Recruitment & Eligibility

• Status: COMPLETED
• Sex: All
• Target Recruitment: 263

Inclusion Criteria

• Healthy subjects at least 3 years of age, who received all 4 assigned doses of pneumococcal conjugate vaccine and completed Study 6096A1-008-EU (NCT00366678) for at least 24 months

Exclusion Criteria

• Vaccination with any licensed or investigational pneumococcal vaccine since completion of Study 6096A1-008-EU(NCT00366678).
• History of culture-proven invasive disease caused by S pneumoniae since the completion of Study 6096A1-008-EU (NCT00366678).
• Previous anaphylactic reaction to any vaccine or vaccine-related component.
• Contraindication to vaccination

Study & Design

• Study Type: INTERVENTIONAL
• Study Design: SINGLE_GROUP

Arm && Interventions

Group	Intervention	Description
1	13-valent pneumococcal conjugate vaccine	1 dose (0.5 mL), IM of 13vPnC vaccine.

Primary Outcome Measures

Name	Time	Method
Serotype-specific Pneumococcal Immunoglobulin G (IgG) Geometric Mean Concentration (GMC) 1 Month After Single Dose of 13 Valent Pneumococcal Conjugate (13vPnC) Vaccine	One month after vaccination	Antibody GMC as measured by microgram/millilitre (mcg/mL) for 7 common pneumococcal serotypes (serotypes 4, 6B, 9V, 14, 18C, 19F, and 23F) and 6 additional pneumococcal serotypes specific to 13vPnC (Serotypes 1, 3, 5, 6A, 7F, and 19A) are presented. GMC (13vPnC) and corresponding 2-sided 95% confidence intervals (CI) were evaluated. Geometric means (GMs) were calculated using all participants with available data for the specified blood draw.
Percentage of Participants With Prespecified Local Reactions	Seven days after vaccination	Local reactions (redness, swelling and pain) were reported using electronic diary. Redness and swelling were recorded in caliper units (range 1 to 14+), each caliper unit represented 0.5 cm. Categorized as any, absent (no redness or swelling present; 0 caliper units), mild (0.5 to 2.0 cm; 1 to 4 caliper units); moderate (2.5 to 7.0 cm; 5 to 14 caliper units); or severe (\>7.0 cm; \>14 caliper units). Pain was categorized as any, mild: does not interfere with activity; moderate: interferes with activity; severe: prevents daily activity. Participants may be reported in more than 1 category.
Percentage of Participants With Prespecified Systemic Events	Seven days after vaccination	Systemic events (any fever \>= 38 degree celsius \[C\], vomiting, diarrhea, and fatigue) were reported using electronic diary. Fever categorized as \>=38 to \<=39 degree C; \>39 to \<=40 degree C; \>40 degree C. Vomiting: mild (1-2 times/day ); moderate (\>2 times/day); severe (requires intravenous hydration). Diarrhea: mild (2-3 loose stools/day); moderate (4-5 stools/day); severe (\>=6 loose stools/day). Fatigue: mild (does not interfere with activity); moderate (some interference with activity); severe (prevents daily routine activity). Participants may be reported in more than 1 category.

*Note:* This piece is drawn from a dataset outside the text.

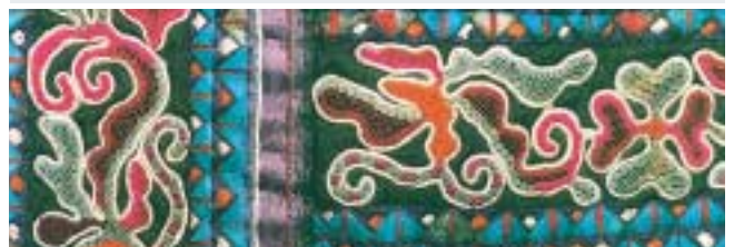
ミャオ族 女性の衣装 部分(刺繍)

Secondary Outcome Measures

Name	Time	Method
Serotype-specific Pneumococcal IgG GMC Prior to Single Dose of 13vPnC Vaccine	Up to 7 days before vaccination	IgG GMC to the 13 pneumococcal serotypes (1, 3, 4, 5, 6A, 6B, 7F, 9V, 14, 18C, 19A, 19F, and 23F) were determined in the blood samples of all the participants using a standardized anti-pneumococcal IgG enzymelinked immunosorbent assay (ELISA). CIs for GMC are back transformations of a CI based on the Student t distribution for the mean logarithm of the concentrations.
Serotype-specific Pneumococcal IgG GMC at 4 to 7 Days After the Single Dose of 13vPnC Vaccine	Four to seven days after vaccination	IgG GMC to the 13 pneumococcal serotypes (1, 3, 4, 5, 6A, 6B, 7F, 9V, 14, 18C, 19A, 19F, and 23F) were determined in the blood samples of all the participants using a standardized anti-pneumococcal IgG ELISA. CIs for GMC are back transformations of a CI based on the Student t distribution for the mean logarithm of the concentrations.
Serotype-specific Opsonophagocytic Activity (OPA) Geometric Mean Titers (GMT) Prior to Single Dose of 13vPnC Vaccine	Up to 7 days before vaccination	Pneumococcal OPA GMTs for 13 pneumococcal serotypes (1, 3, 4, 5, 6A, 6B, 7F, 9V, 14, 18C, 19A, 19F, and 23F) were determined in the blood samples of all the participants using a microcolony OPA (mcOPA) assay. CIs for GMT are back transformations of a CI based on the Student t distribution for the mean logarithm of the titers.
Serotype-specific OPA GMTs 1 Month After Single Dose of 13vPnC Vaccine	One month after vaccination	Serotype-specific pneumococcal OPA GMTs for the 13 pneumococcal serotypes (1, 3, 4, 5, 6A, 6B, 7F, 9V, 14, 18C, 19A, 19F, and 23F) were determined in the blood samples of all the participants using mcOPA assay. CIs for GMT are back transformations of a CI based on the Student t distribution for the mean logarithm of the titers.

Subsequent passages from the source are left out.